This repository supports fine-tuning the Segment Anything Model (SAM). By default, it trains the mask decoder of SAM on a given dataset.

The training code mimics the operational process of the SamPredictor class from the official SAM implementation.

This repository supports batch sizes $\ge$ 2 and enables multi-GPU training based on PyTorch's DistributedDataParallel. Since the code is written with multi-GPU usage in mind, there may be a slight performance degradation when running on a single GPU.

Additionally, TinyViT, proposed in MobileSAM, can be used as the image encoder by providing the appropriate model type.

The supported model types are as follows, where vit_t refers to TinyViT:

  • vit_h
  • vit_l
  • vit_b
  • vit_t

Since this repository was created for the need of segmentation on a single class and background, it can only handle binary-class datasets by default.

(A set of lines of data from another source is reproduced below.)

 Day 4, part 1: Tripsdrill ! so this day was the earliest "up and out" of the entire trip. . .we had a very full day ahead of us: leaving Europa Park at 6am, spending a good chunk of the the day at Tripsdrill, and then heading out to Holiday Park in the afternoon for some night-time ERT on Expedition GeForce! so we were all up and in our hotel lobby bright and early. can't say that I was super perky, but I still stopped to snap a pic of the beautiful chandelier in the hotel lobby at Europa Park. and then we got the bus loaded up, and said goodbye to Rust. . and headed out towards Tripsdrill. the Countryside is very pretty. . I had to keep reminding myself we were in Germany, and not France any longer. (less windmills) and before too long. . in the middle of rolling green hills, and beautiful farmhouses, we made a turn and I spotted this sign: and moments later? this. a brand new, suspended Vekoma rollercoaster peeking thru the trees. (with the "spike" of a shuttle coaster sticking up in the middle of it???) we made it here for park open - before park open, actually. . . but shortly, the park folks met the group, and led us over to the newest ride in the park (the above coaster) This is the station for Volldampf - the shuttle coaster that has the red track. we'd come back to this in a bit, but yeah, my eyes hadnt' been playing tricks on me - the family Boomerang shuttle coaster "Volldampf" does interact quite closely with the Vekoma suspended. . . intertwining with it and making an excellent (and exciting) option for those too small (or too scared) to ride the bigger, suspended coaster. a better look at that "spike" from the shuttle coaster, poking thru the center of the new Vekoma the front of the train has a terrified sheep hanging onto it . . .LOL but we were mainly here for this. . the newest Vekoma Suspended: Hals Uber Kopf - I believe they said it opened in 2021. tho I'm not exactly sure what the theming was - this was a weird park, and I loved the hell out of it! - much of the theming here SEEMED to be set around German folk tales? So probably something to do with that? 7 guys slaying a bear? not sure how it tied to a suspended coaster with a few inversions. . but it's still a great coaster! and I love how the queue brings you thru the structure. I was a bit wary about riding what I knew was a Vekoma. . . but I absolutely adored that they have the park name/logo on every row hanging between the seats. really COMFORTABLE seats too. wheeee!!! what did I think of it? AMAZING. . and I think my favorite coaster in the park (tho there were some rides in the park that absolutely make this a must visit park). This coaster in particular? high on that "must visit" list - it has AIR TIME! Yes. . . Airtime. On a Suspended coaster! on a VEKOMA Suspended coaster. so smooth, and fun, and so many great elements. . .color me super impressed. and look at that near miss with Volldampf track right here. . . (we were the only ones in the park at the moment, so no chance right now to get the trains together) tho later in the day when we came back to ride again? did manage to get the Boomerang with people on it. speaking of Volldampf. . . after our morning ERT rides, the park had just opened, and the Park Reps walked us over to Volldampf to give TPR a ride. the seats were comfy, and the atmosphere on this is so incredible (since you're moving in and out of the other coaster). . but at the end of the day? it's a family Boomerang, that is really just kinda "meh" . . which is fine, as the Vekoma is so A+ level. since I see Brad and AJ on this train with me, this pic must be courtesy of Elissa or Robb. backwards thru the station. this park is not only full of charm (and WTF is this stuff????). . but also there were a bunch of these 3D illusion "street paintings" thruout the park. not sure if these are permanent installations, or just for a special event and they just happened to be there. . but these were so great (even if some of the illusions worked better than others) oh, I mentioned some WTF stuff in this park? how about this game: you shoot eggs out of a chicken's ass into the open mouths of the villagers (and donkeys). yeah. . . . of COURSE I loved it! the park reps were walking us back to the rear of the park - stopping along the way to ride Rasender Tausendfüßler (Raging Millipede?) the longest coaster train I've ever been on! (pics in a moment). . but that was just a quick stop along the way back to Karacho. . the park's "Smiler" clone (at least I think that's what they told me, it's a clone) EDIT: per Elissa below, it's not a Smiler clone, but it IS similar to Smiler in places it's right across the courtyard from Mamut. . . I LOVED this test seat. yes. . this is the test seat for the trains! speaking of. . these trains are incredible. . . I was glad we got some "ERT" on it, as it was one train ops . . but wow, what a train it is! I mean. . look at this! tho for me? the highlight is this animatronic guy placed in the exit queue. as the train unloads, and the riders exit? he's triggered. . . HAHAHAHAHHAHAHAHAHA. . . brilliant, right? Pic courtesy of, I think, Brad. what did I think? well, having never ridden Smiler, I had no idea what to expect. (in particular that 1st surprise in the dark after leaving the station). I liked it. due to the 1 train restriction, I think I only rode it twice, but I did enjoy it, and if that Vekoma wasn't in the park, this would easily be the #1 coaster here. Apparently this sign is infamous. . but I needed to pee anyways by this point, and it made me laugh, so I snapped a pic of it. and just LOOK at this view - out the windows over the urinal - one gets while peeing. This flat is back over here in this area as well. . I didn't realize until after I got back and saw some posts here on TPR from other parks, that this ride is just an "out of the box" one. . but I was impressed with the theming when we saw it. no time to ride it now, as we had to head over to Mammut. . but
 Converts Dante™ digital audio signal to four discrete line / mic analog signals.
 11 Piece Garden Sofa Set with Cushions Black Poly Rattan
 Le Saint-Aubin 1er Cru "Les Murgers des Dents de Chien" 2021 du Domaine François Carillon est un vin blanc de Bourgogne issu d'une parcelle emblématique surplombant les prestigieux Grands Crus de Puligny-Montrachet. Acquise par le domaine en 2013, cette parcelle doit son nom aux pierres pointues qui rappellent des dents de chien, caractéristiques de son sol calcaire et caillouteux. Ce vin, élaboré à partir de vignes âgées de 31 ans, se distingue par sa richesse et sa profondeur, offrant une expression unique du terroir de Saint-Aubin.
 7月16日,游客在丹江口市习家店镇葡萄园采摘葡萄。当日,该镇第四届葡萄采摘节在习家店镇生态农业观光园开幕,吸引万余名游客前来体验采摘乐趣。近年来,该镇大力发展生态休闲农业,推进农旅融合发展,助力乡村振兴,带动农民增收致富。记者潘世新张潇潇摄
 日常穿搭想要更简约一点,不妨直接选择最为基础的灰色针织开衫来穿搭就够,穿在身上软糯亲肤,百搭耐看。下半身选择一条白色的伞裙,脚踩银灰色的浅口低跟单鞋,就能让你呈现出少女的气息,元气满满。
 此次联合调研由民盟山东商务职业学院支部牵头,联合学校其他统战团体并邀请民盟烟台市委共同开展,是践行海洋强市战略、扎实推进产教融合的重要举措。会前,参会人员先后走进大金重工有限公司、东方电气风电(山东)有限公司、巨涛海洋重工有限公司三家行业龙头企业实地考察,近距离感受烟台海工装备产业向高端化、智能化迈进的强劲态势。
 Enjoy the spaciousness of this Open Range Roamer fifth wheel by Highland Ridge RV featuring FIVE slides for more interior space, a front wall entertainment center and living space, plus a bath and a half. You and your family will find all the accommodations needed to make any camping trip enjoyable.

That is, the input GT mask y must have values of either 0 or 1.

The input prompt for the mask decoder is automatically generated. By default, a rectangle(box) is created using cv2.boundingRect that completely contains the binary mask region.

If you want to apply it to a multi-class dataset, modify segment_anything/utils/trainer.py. While I haven't implemented it myself, you can obtain multiple binary masks by one-hot encoding the GT mask y, and then obtain a box prompt for each mask.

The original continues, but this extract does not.